P.s. After many hours I am almost finished a very long string manipulation code to do the same for part 2 of my code working on the full string of the character text put in the clipboard. I don’t need that now , as I can get the perfect text from the final Selection Whole Story thing from the above code. Maybe I will complete it and post it or a link to it anyway, just to show a comparison of the way not to do it, lol... :)
I am having difficulty logging in with this account just now.
You can find me at DocAElstein also

User avatar
macropod
4StarLounger
Posts: 508
Joined: 17 Dec 2010, 03:14

Re: VBA Remove BB Code Code Tags in text. Help with Wild ca

Post by macropod »

Doc.AElstein wrote:If you have the time can you break the "\[*\]*\[/*\]" down and explain it for me.
I'll break down the \[([!\]=]@)*\](*)\[/\1\] for you:
\[ = an opening [.
([!\]=]@) = any string of characters that does not include a closing ] or an =. Putting it in parentheses stores whatever this string matches for re-use. This captures the opening part of the Code Tags that you need to match for the closing expression.
*\] = any string of characters terminating in a closing ].
(*)\[ = any string of characters terminating in an opening [. Putting the astersik in parentheses stores whatever it matches for re-use. This captures the part of the code you want to retain.
/\1\] = a / character, followed by whatever the first parenthetic expression matched, terminated in a closing ]. Together, these form the closing side of the Code Tag pair.
Paul Edstein
[Fmr MS MVP - Word]

User avatar
Leif
Administrator
Posts: 7193
Joined: 15 Jan 2010, 22:52
Location: Middle of England

Re: VBA Remove BB Code Code Tags in text.

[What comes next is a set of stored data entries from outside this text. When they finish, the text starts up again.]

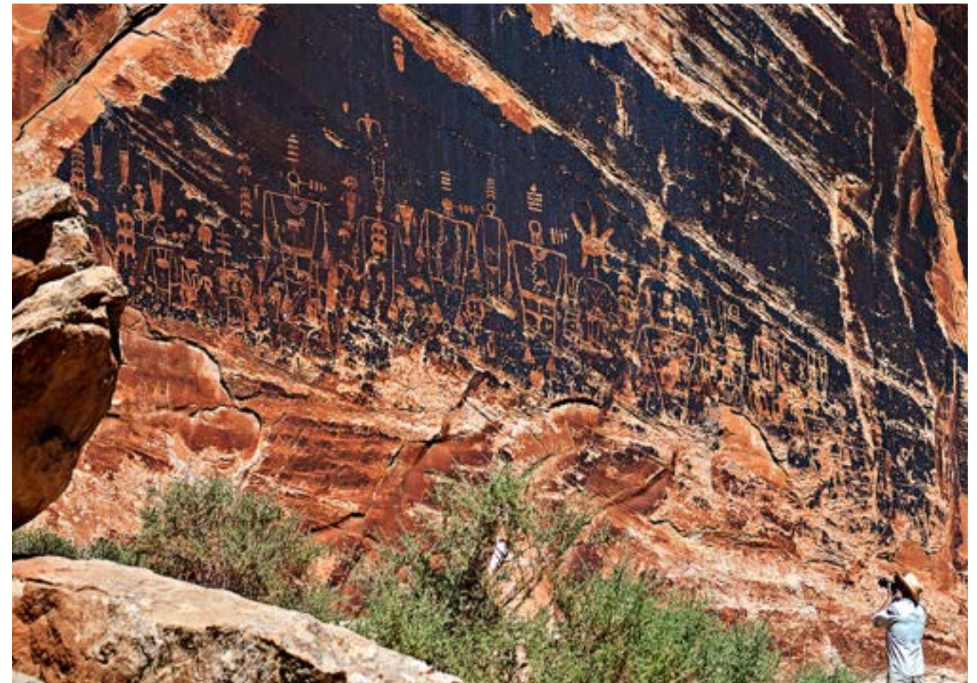
Petroglyphs near the San Juan River.
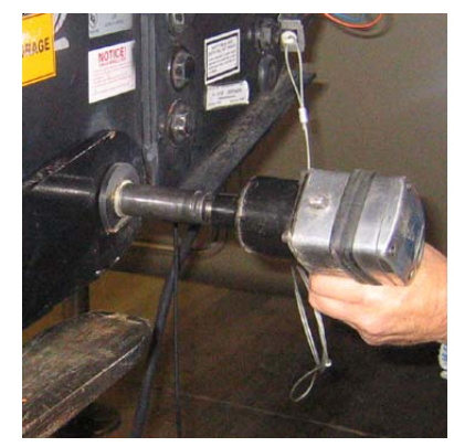
Remove lower jaw pivot bolts and washers on both sides.
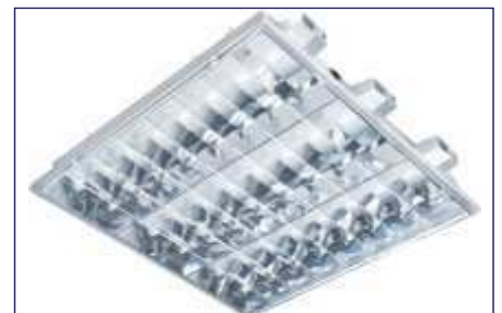
FM90 VDU LOUVRE
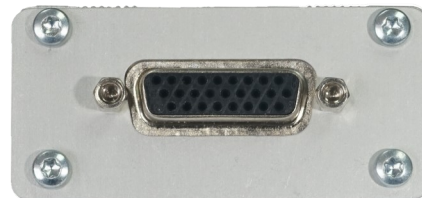
FarSync Flex End views

The bus powered USB adapter will support a sync line at speeds of well over 3 Mbits/s continuously; and async operation up to 115.2 Kbits/s. The highly flexible universal network connector supports RS232, X.21, RS530, RS422, RS449, RS485 and V.35 network interfaces.
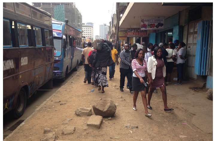
Many streets in Nairobi lack pedestrian walkways

The Kenya National Highways Authority (KenHA) and Kenya Urban Roads Authority (KURA) continue to invest in billions of shillings in the construction of bypasses, missing links, and flyovers in Nairobi and other urban areas. These projects often come at the expense of NMT users, as the new roads are hard to cross and lack accessible walkways. In many cases,
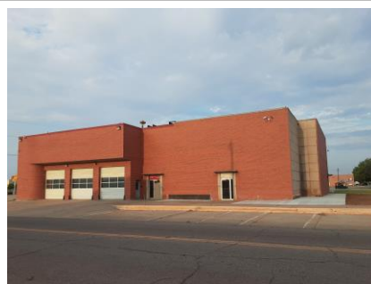
View from Northeast
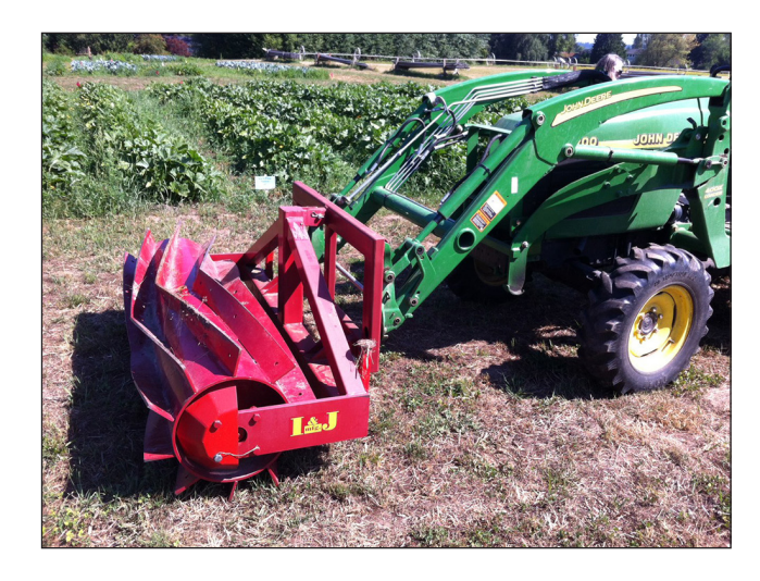
Figure 6 Roller crimper

other key NRCS practices that have primary resource protection benefits can also offer significant benefits to organic producers.
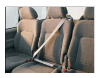
3 Point Seatbelt
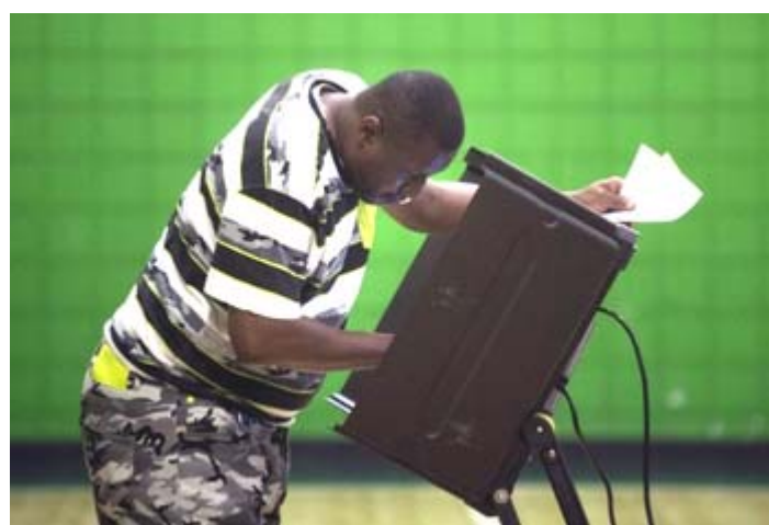
Greensboro, N.C. voter casts his ballot on Election Day.

Perhaps the most interesting numbers: Among people who say Fox News Channel is their most trusted media outlet, 76 percent say voter fraud is the bigger issue, while just 12 percent cite disen-

Help with Wild ca

Post by Leif »

Doc.AElstein wrote:
x.jpg
Are you intentionally disguising the filenames? With some skins, "LightGrey" font is not easy to read!
You do not have the required permissions to view the files attached to this post.
Leif

User avatar
Doc.AElstein
BronzeLounger
Posts: 1499
Joined: 28 Feb 2015, 13:11
Location: Hof, Bayern, Germany

Re: VBA Remove BB Code Code Tags in text. Help with Wild ca

Post by Doc.AElstein »

Leif wrote:....Are you intentionally disguising ... "LightGrey" font is not easy to read!
Hi Leif.
It was just for my own reference. It is the name I have it stored under. I see it clearly. I did not appreciate it was difficult for anyone to see. ( They don’t need to , but I guess it might irritate ). I will use grey instead. Thanks for the heads up
( A different color just helps remind me what it is. I use Imgur rather than the built in facility sometimes if it makes the thread a bit easier to follow when the pictures are only for reference and not directly needed )
Alan
Last edited by Doc.AElstein on 11 Feb 2017, 14:08, edited 1 time in total.
I am having difficulty logging in with this account just now.
You can find me at DocAElstein also

User avatar
Doc.AElstein
BronzeLounger
Posts: 1499
Joined: 28 Feb 2015, 13:11
Location: Hof, Bayern, Germany

Re: VBA Remove BB Code Code Tags in text. Help with Wild ca

Post by Doc.AElstein »

macropod wrote:....I'll break down the \[([!\]=]@)*\](*)\[/\1\] for you:....
([!\]=]@) = any string of characters that does not include a closing ] or an =......
Hi Paul
Thanks again.
I think I have it almost.
I changed it a bit just to get it a bit clearer in my head. ..
.Text = "(\[)([!\]=]@)(*\])(*)(\[/\2\])"
Or
.Text = "(\[)([!\]=]@)(*\])(*)(\[/)(\2\])"
Or
.Text = "(\[)([!\]=]@)(*\])(*)(\[/)(\2)(\])" ' (1)(2)(3)(4)(5)(6)(7) - 7 bits

.Replacement.Text = "\4" ' This is for the last one with ( 7 ) bits

Looking at the last .Text, these parts I understand fully now, thanks to you :)
_(1) (\[) Opening [
_(2) ? – I know what it does but not how
**
_(3) (*\]) any string of characters terminating in a closing ]
_(4) (*) any string of characters. This is the bit between the BB Code Code Tags
_(5) (\[/) an opening two character bit like [/
_(6) (\2) This is exactly what (2) found”
_(7) (\]) a closing ]
(5)(6)(7) This is the complete closing BB Code Code Tag


The part I am struggling on is this: [!\]=]@
I think I know what it is doing. I understand that it finds the part of the text like in from this
color=#BFFFFF
it would give me
color

I am not following **how that is coming from [!\]=]@
I have really done my head in for a few hours on the internet but I am not understanding how this bit works. – Every time I read something I come up with a different answer.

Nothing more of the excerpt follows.